Tour #11 – Solitary Travel and Some Old Familiar Places

Labor Day weekend 2013 and again I had a four-day weekend and could not plan a trip due to a previous commitment.  Out came the map to see what I may have missed close by and I left Friday morning alone for PA State Park Tour #9.

Since I was driving through my old stomping grounds, a visit to Marie Antoinette Lookout on Route 6 was a must to test out my new camera.  When I arrived the fog was still lifting from the river valley below and the view was better than I had remembered it to be.  My father took us to this site many times a year on our Sunday afternoon drives and I still recall when Route 6 went directly past the lookout and between the narrow rock cuts.  The beautiful stonework has been refurbished within the past five years and was extremely well done.  If you’re a local Marie Antoinette Lookout is nice but the real thrill of excitement comes at Wyalusing Rocks just east of here along Route 6.  There was a group of motorcyclists just preparing to leave when I arrived and a few other people still on the rocks but by the time I left I was alone on these ledges high above the Susquehanna River.

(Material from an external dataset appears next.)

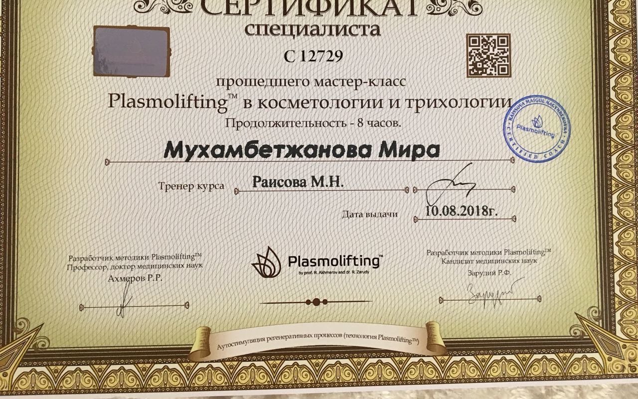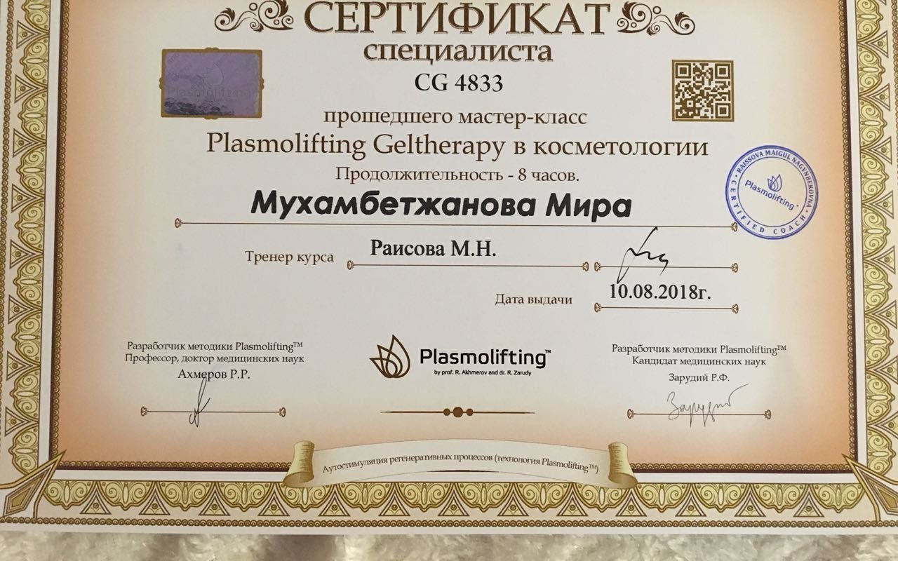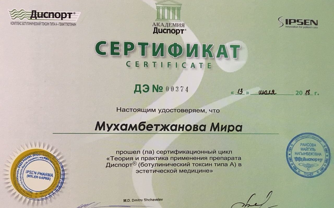2002 г. – Курс первичной специализации “Взрослая онкология“; 2002 г. – Сертифицированный цикл “Диагностика и лечение заболеваний ЖКТ“ на базе Каз НИИОИР; 2005 г., 2010 г. – Сертифицированные циклы “Диагностика и лечение злокачественных образований молочной железы“ на базе КазНИИОИР; 2013 г. – Присвоена квалификация врача высшей категории по специальности взрослой онкологии; 2013 г. - Курс первичной специализации “Дерматовенерология и дерматокосметология“ на базе АГИУВ; 2014 г. – Сертификационный цикл “Мезотерапия“ на базе учебного центра ТЭКОМ; 2014 г. - Сертификационный цикл “Современные пилинги“ на базе учебного центра ТЭКОМ; 2014 г. – Сертификационный цикл “Лечение косметических дефектов кожи методом фракционного фототермолиза“ с применением аппарата лазерного терапевтического Clear+Brilliant на базе клиники Premium Aesthetics ( компания Solta Mediсal), г. Москва; 2014 г. – Сертификационный цикл “Трехмерное уплотнение кожи методом монополярного, радиочастотного воздействия“ с применением аппарата ThermaCool CPT на базе клиники Premium Aesthetics (компания Solta Mediсal), г. Москва; 2014 г. – Сертификационный цикл “Лазерная косметология и дерматология“ на базе обучающего центра Фотона, г. Москва; 2014 г. - Сертификационный цикл “Лазерные технологии вагинальной подтяжки и лечения стрессового недержания мочи“ на базе обучающего центра Фотона, г. Москва

I had my GPS programmed for “least use of highways” and allowed her voice to guide me through places I have never been to a park north of Wilkes-Barre named for a little girl who was kidnapped from her home by Delaware Indians in 1778.  She spent her first night in captivity under a rock ledge in what is now Frances Slocum State Park.  It was a beautiful day with sunshine, blue sky and large white clouds and the views around the lake were spectacular.  I did not know the man and his son in my photos but I liked the contrast of their red clothing with the background.  I began a short hike to the rock ledge and before I reached the area, my camera battery died.  Rather than walk back to the car, I completed the hike sans camera, returned to my car for my older camera then hiked the loop in the opposite direction.

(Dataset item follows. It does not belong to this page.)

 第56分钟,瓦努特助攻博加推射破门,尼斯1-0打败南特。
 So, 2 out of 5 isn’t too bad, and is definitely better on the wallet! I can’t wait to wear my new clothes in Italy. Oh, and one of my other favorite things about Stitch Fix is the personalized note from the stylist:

For years I have used a Canon Powershot S3 6.0 Mp 12x zoom and can’t say enough good things about it.  It uses AA batteries and takes great photos.  The only drawback is its size – a great camera to wear around your neck but at times it can be too bulky.  I began to have problems with the camera during Tour #7.  Sometimes when I use the zoom, the camera immediately shuts off.  In July I decided to buy myself a Nikon camera.  I plan to keep my Canon and continue to use it and will be interested in comparing the two.  My father was extremely interested in photography.  When we were growing up he always had his camera (or two) wherever we went, his favorite media begin slide photography.  I still remember sitting in front of the large projection screen, viewing his pictures or home movies.  He would have loved the digital age as I do.  You know immediately if you “got the shot”, there’s no cost to develop so you can take thousands of photos (and maybe get a few good ones!), and let us not forget we can easily use software on our personal computers to make our photos better.  It took me a while to get accustomed to the smaller size of my new Nikon Coolpix S9500 (18Mp 22x zoom) but I am very happy with it and am sure I have not even skimmed the surface of its capabilities.  That said we all need to have reliable back-ups of our digital photos.  I recently lost a relatively new external hard drive that contained the only copies of all my digital photos for approximately 10 years.  The verdict on the drive is not yet in so I can only hope.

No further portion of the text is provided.